Telegraph | Money | Post workers share in Royal Mail's GBP500m profits

Post workers share in Royal Mail's £500m profits

By Andrew Cave (Filed: 16/05/2005)

More than 190,000 postal workers will tomorrow be awarded windfalls of more than £1,000 each as Royal Mail claims victory in its mission to transform its service and profits.

The special bonuses will be awarded under the terms of a "renewal plan" announced by Allan Leighton when he became chairman three years ago and set a target of achieving operating profits of £400m.
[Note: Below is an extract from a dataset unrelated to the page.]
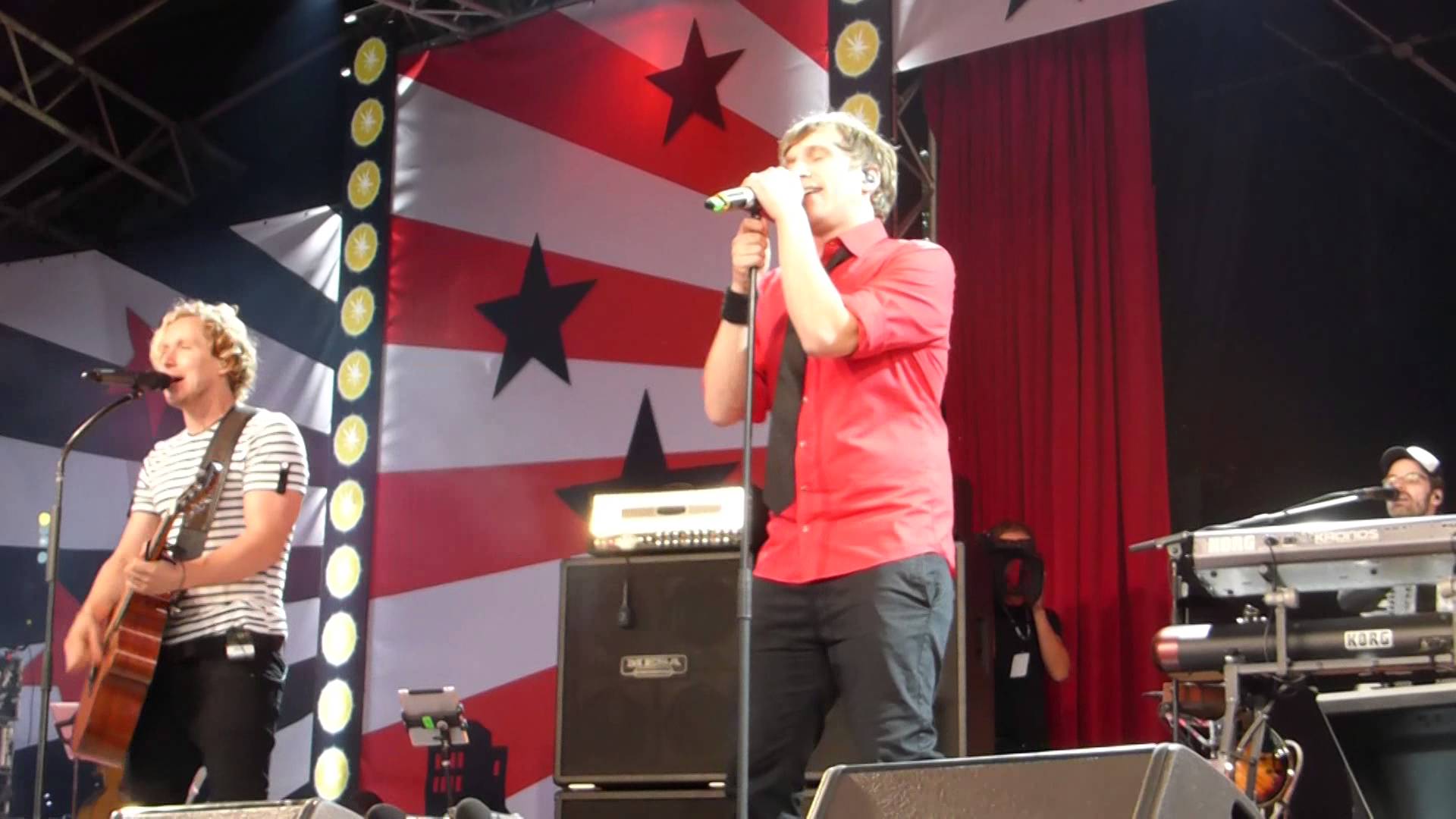 Description: A man standing on a stage with a microphone in his hand and a guitar in his other hand.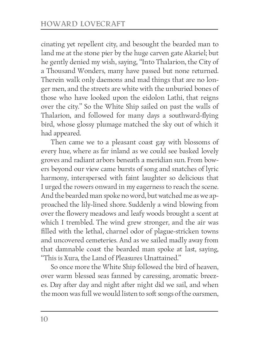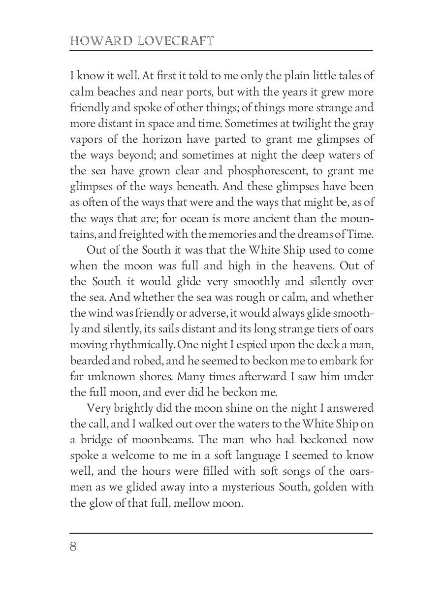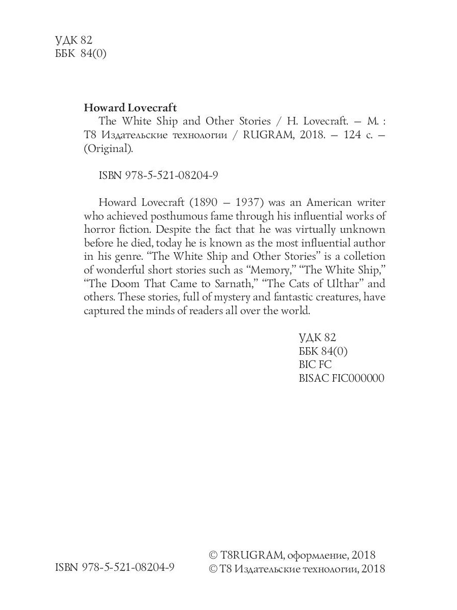 Howard Lovecraft (1890 - 1937) was an American writer who achieved posthumous fame through his influential works of horror fiction. Despite the fact that he was virtually unknown before he died, today he is known as the most influential author in his genre. "The White Ship and Other Stories" is a colletion of wonderful short stories such as "Memory", "The White Ship", "The Doom That Came to Sarnath", "The Cats of Ulthar" and others. These stories, full of mystery and fantastic creatures, have captured the minds of readers all over the world.

At the time, Royal Mail was losing £1.5m a day.

Weekly-paid staff will receive their windfalls at the end of this week, with other employees getting theirs at the end of this month.

Adam Crozier, Royal Mail's chief executive, will emerge as a massive beneficiary of the turnaound, paid more than £2.7m last year partly due to payments under a long-term incentive plan.

Elmar Toime, ousted as executive deputy chairman last October, is thought to have been paid more than £1m in compensation.

The earnings announcement is expected to confirm operating profits of over £500m in the year to the end of March, compared with £220m the previous year.

The Royal Mail will also say that delivery levels in the past three months were the best for a decade.It delivered 92.5pc of first-class mail the day after it was posted in its final quarter.

Allan Leighton said: "Three years ago, this company was worth zero. Now it is worth around £5billion and the quality of service is the best it has been for 10 years.

"This is why the results we are about to announce will trigger a share-in-success payment of more than £200m to our postmen and postwomen."

The results come as speculation intensifies over the Royal Mail's future. Mr Leighton is understood to have told ministers that he wants to borrow more than £2billion from the City to fund a partial privatisation of the Royal Mail.

He is said to want to see a large stake in the business bought on behalf of Royal Mail staff and a new ownership structure modelled on department store partnership John Lewis.

Labour said in its manifesto that it had no plans to privatise the Royal Mail but will launch a review of the effect on the business of next year's liberalisation of Britain's postal market.

Supporters of a partial privatisation believe that setting up an employee share ownership trust to hold Royal Mail stock for the benefit of all its staff would be an effective way of navigating the ownership issue.